Behavior that may scan at a surface level as whimsical or defiantly “random” is in fact self-destructive, depicting Anne as incapable of maintaining meaningful relationships. It calls to mind The Forest For The Trees, a 2003 film by Maren Ade, a contemporary of Schanelec’s in the loose assemblage of contemporary filmmakers sometimes classified as “The Berlin School.” Another film about at an ill-eat-ease twenty-aught whose professional life surrounds her with children, The Forest for The Trees, like Anne, plays at times like a cringe-comedy resolving into a laugh. The catharsis seems delayed, just over some infinitely receding horizon.

The portrayal feels like a corrective to the shopworn “Manic Pixie Dream Girl” trope, in that Anne actually appears to be actually, diagnosably manic.

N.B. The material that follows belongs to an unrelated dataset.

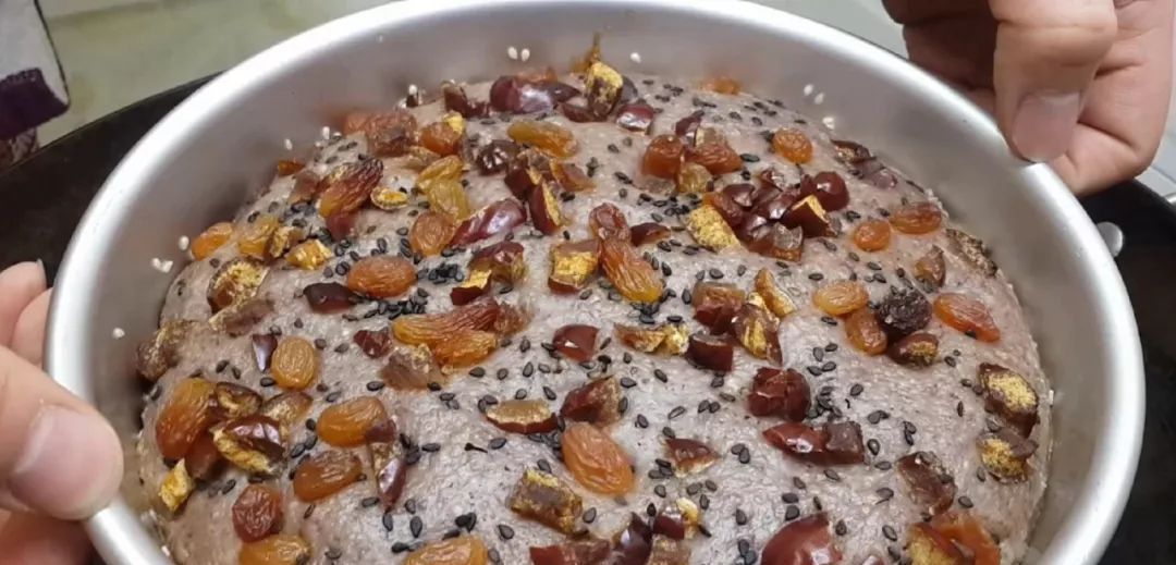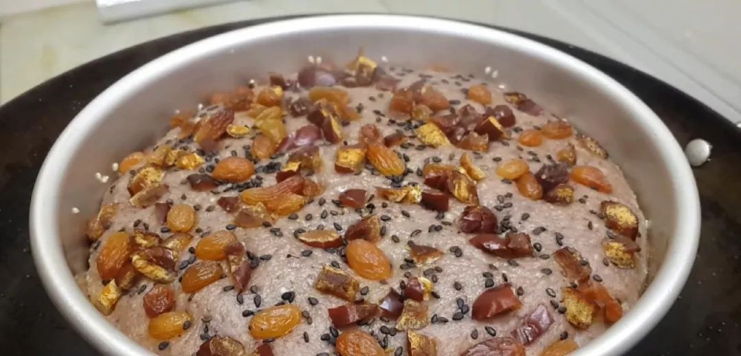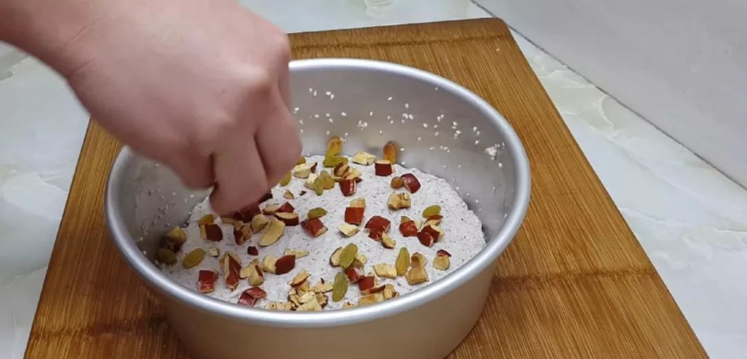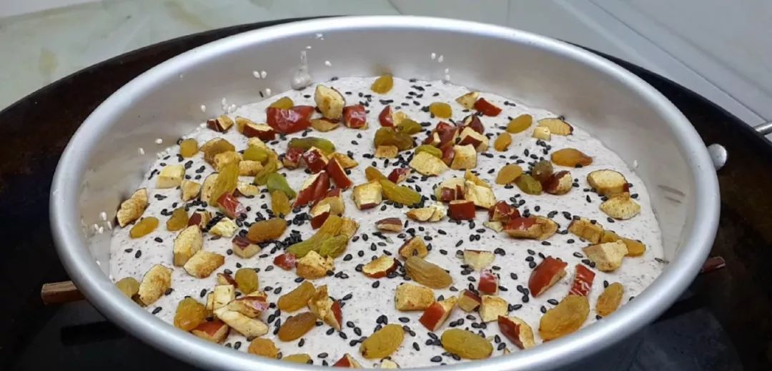 撒上一层红枣丝,撒上葡萄干,然后浇上大米和红豆酱将黑芝麻撒在

After skydiving as part of a friend’s bachelorette party, Anne becomes hooked on the experience. As she tells her friend, “I didn’t feel scared at all.” There is a sense she’s taking hold of her own annihilation. This association between breakneck exhilaration and identity is so often configured onscreen as a distinctly macho pursuit: think of the adrenaline-jacked surf-jocks of Kathryn Bigelow’s Point Break (an archetype Bigelow revisited in The Hurt Locker) or, more recently, Christian Bale’s blokey English racer in Ford v Ferrari, a man for whom auto racing is not merely a kick, but a form of consciousness-expansion. Anne’s taste for adventurism feels different—less about explosively asserting herself in the world and more about subtracting herself from it. She doesn’t want to wrest the forces of nature or machine to her will. She wants to dissolve herself into those forces. When her body reaches velocity, her busy mind goes blank, and the distinction between herself and the sky seems to blur and disappear. The only time she’s at peace is when she’s in free-fall.

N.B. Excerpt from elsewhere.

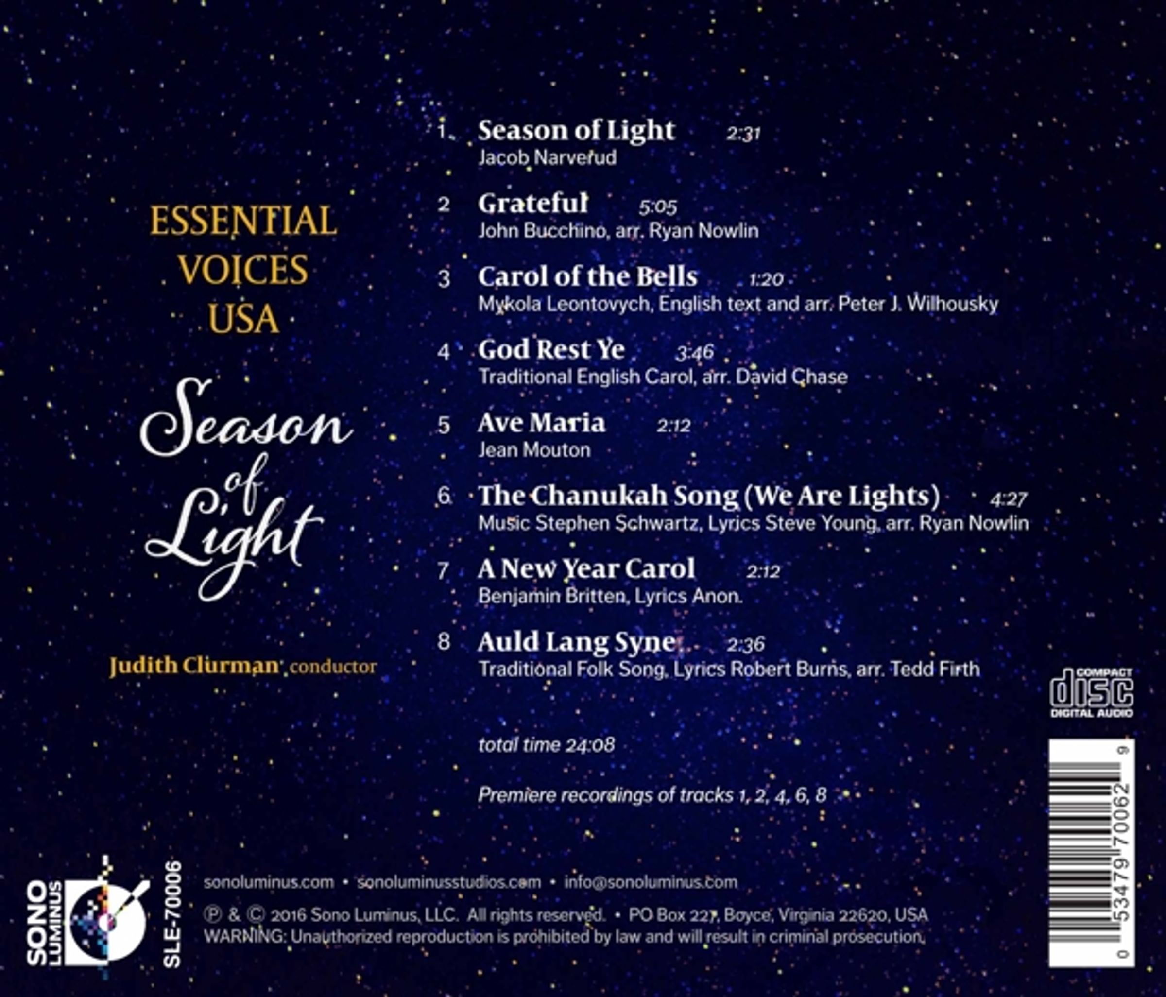 Season of Light; Grateful; Carol of the Bells; God Rest Ye; Ave Maria (Jean Mouton); The Chanukah Song (We Are Lights); A New Year Carol; Auld Lang Syne

This dovetailing of Anne’s plummeting life and her newfound passion for sky-diving may feel a bit pat. Ditto the all-child performance of Hamlet or the donkey in Schanelec’s film. But their characters feel so developed—through both intimation and intimate observation—and their images so thoughtful, that even their cliches become lively, fresh, and not like cliches at all. It’s not that either film is cryptic, but that the world and its people are. Both Schanelec and Radwanski offer something of that inscrutability-as-such: the sense that people are always disconnected by virtue of their fundamental unknowability. But they also point toward the recognizable depths of human feeling that teem beneath their stately images and unreadable characters.

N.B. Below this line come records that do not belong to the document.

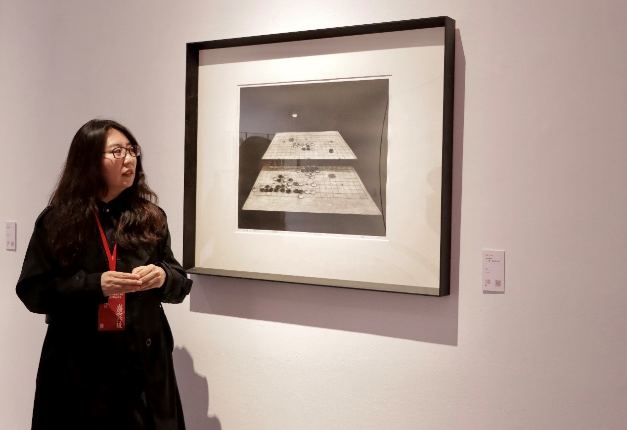 内蒙古艺术学院美术学院副院长王茹介绍其铜版画作品《弈间首廉——每一步都为人民》。当代党员杂志社实习记者 宋怡萱 摄
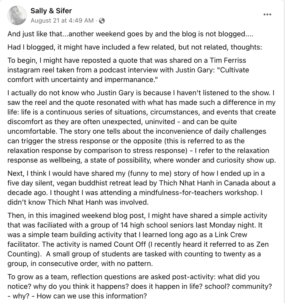 I was doing a sweep of screenshots on my desktop and found this simple strategy. In the lens of self-care, it’s the same thing with the exception of inserting ‘yourself’ for the ‘a child’ and so forth, and the word ‘learn/practice’ instead of ‘teach’ at the bottom.
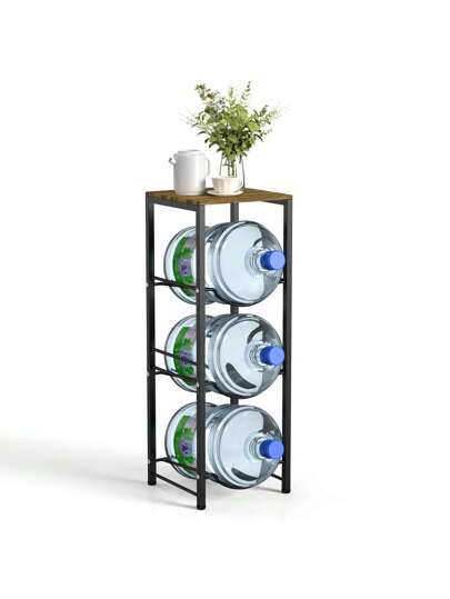 Soporte con estante superior para garrafón de agua de 5 galones, soporte para botellas de agua de 3 niveles, estante de almacenamiento de agua de gran resistencia para garrafón de enfriador de agua, organizador de soporte para garrafón de agua para el hogar, la cocina y la oficina - Marrón - Añade 1

The working director, wrote Bresson, “is making a voyage of discovery on an unknown planet.” And often, the most memorable of those voyages are not far-flung flights-of-fancy, but explorations of the richness of quotidian existence, whether by delving into a young woman’s tangled interior life, or revealing the tying of a shoe or the glance of donkey as some highly novel, alien encounter. It stirs, within the receptive viewer, that feeling of sensing anew that is, or ought to be, the cinema’s bottom line. After mounting weeks of social isolation, physical distancing, and shuttered cineplexes, with voyages of any kind so few and far between, such encounters feel increasingly rarefied. To miss the movies, these days, is to miss people.